Printing and imaging hardware and software company Lexmark this morning announced that it plans to significantly restructure in order to eventually save close to $100 million per year.

Most significantly: the company will stop developing and manufacturing inkjet hardware, and fire 1,700 workers as a result.

Lexmark says it will close its inkjet supplies manufacturing facility in the Philippines by the end of 2015. Of the 1,700 jobs that will be scrapped, 1,100 are manufacturing positions, it adds.

Lexmark says it will continue to provide service, support and aftermarket supplies for its inkjet installed base and look for a buyer of its inkjet-related technology.

Says Lexmark CEO and chairman Paul Rooke:

“Today’s announcement represents difficult decisions, which are necessary to drive improved profitability and significant savings.

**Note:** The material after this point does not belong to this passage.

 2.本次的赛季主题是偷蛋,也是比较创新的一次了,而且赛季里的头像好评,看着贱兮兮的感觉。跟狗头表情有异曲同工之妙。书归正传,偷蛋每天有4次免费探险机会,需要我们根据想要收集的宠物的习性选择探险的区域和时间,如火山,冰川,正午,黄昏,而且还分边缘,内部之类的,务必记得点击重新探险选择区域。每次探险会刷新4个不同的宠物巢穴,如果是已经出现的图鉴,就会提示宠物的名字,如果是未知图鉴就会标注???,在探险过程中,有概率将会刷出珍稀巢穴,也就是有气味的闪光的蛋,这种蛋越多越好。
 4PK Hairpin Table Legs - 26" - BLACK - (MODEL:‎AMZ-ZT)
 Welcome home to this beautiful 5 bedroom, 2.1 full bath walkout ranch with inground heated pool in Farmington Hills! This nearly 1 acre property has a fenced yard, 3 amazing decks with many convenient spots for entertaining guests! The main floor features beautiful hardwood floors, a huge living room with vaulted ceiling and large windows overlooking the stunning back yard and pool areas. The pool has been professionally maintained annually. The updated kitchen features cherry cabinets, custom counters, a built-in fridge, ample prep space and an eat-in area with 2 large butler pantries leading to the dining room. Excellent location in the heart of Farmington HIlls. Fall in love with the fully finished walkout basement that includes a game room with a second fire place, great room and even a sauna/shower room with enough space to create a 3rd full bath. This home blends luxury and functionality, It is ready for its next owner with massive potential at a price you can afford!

Our investments are focused on higher value imaging and software solutions, and we believe the synergies between imaging and the emerging software elements of our business will continue to drive growth across the organization.”

The company’s actions are expected to generate $85 million savings in 2013 and should increase to ongoing annualized savings of $95 million beginning in 2015.

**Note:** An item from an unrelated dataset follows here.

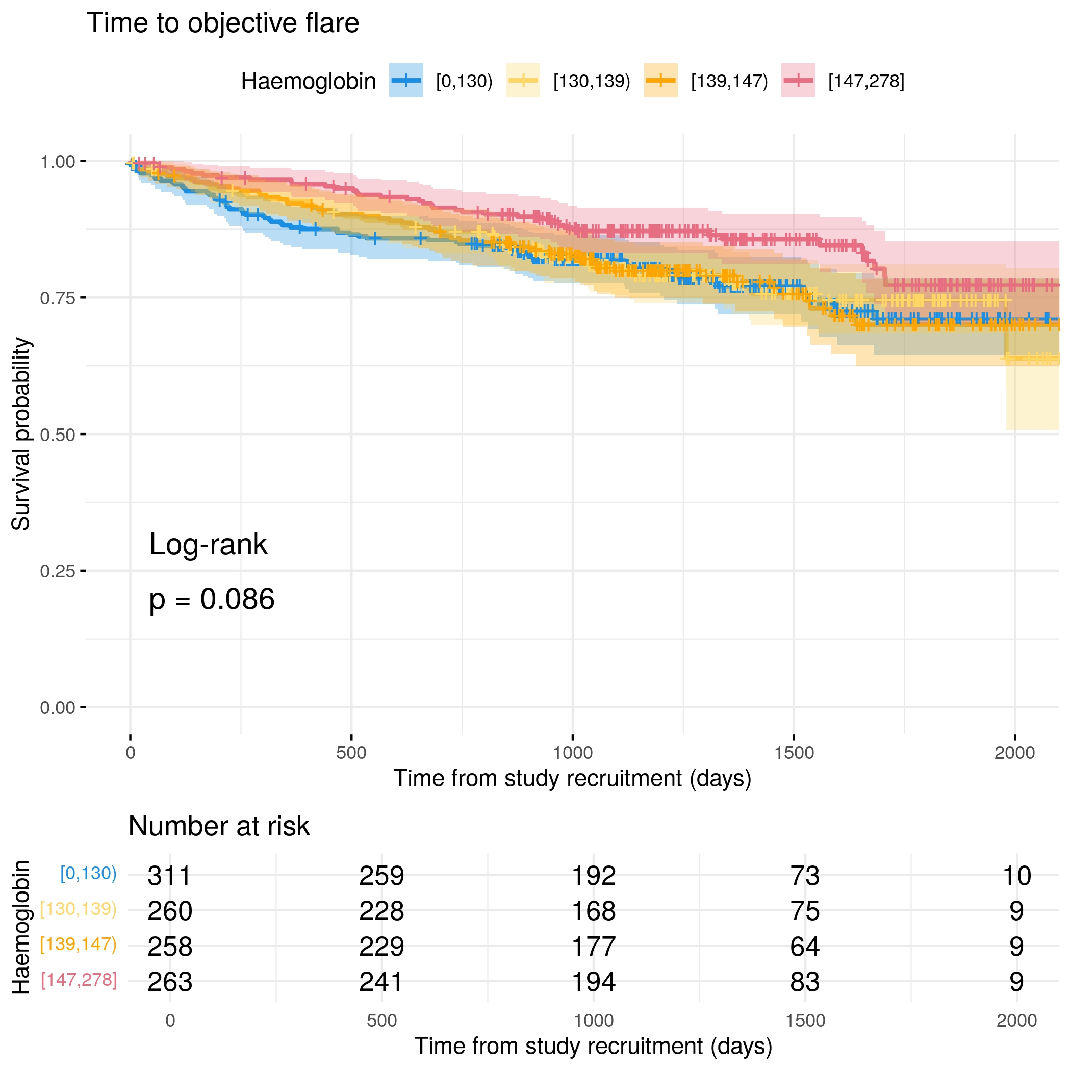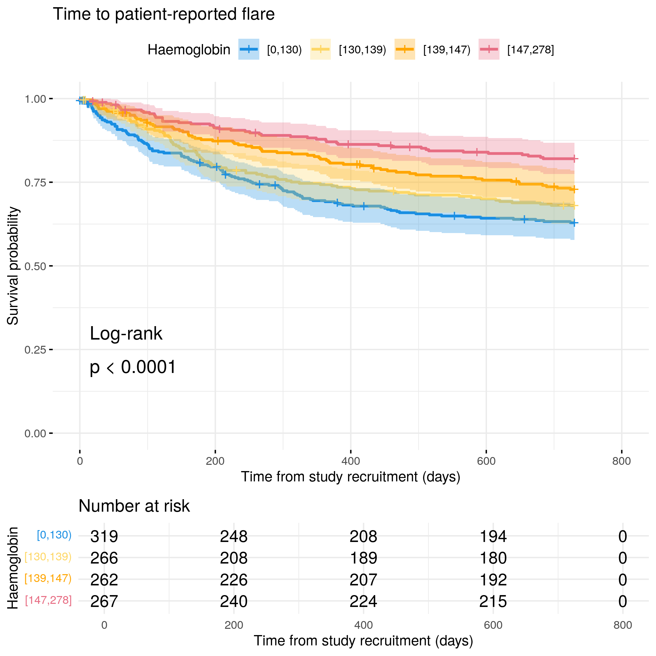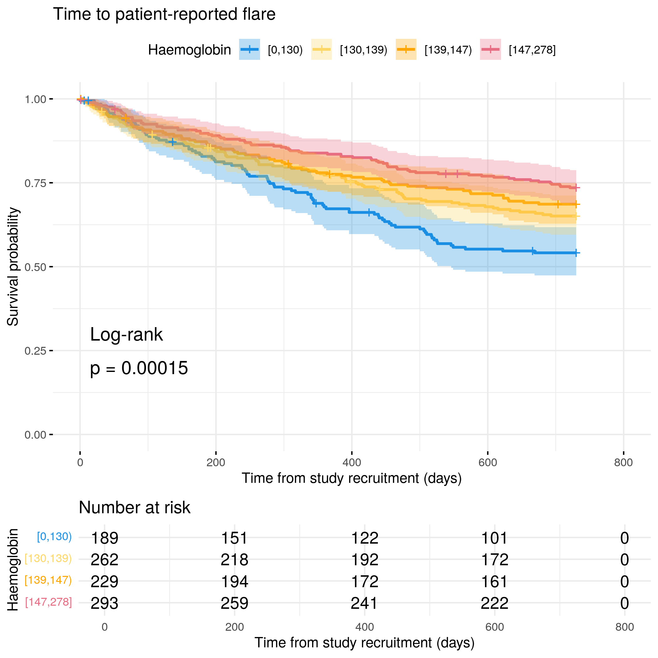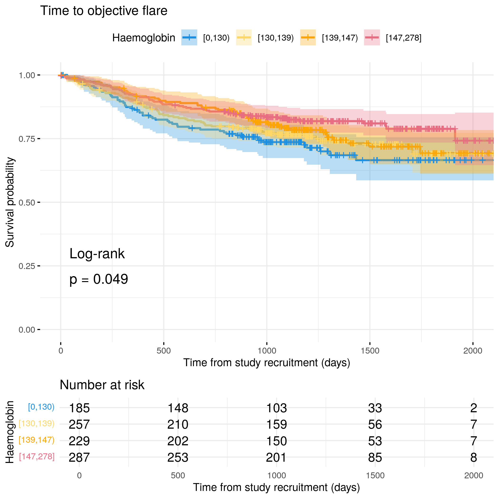 # Generate survival plot and run Cox model for objective flare using utility functionanalysis_result<-run_survival_analysis( data =flare.cd.df, var_name ="Haemoglobin", outcome_time ="hardflare_time", outcome_event ="hardflare", legend_title ="Haemoglobin", plot_base_path ="plots/cd/hard-flare/biochem/haemoglobin", break_time_by =500)# Extract hazard ratio for continuous Haemoglobin variablefit.me<-coxph(Surv(hardflare_time, hardflare)~Sex+IMD+cat+Haemoglobin+frailty(SiteNo), control =coxph.control(outer.max =20), data =flare.cd.df)cd.hard.forest<-rbind(cd.hard.forest,get_HR(fit.me, "Haemoglobin"))# Display plot and model summaryknitr::include_graphics("plots/cd/hard-flare/biochem/haemoglobin.png")

As for the restructuring costs (from the press release):

The total program pre-tax cost for these actions is expected to be $160 million, with $110 million incurred in 2012, $30 million incurred in 2013, and the remaining $20 million incurred in 2014 and 2015.

The total program cash flow impact for these actions is expected to be $75 million, with $40 million impacting 2012, $30 million impacting 2013, and the remaining $5 million impacting 2014 and 2015.

Lexmark also announced that it plans an additional $100 million of share repurchases in the third and fourth quarter of 2012 to appease its shareholders.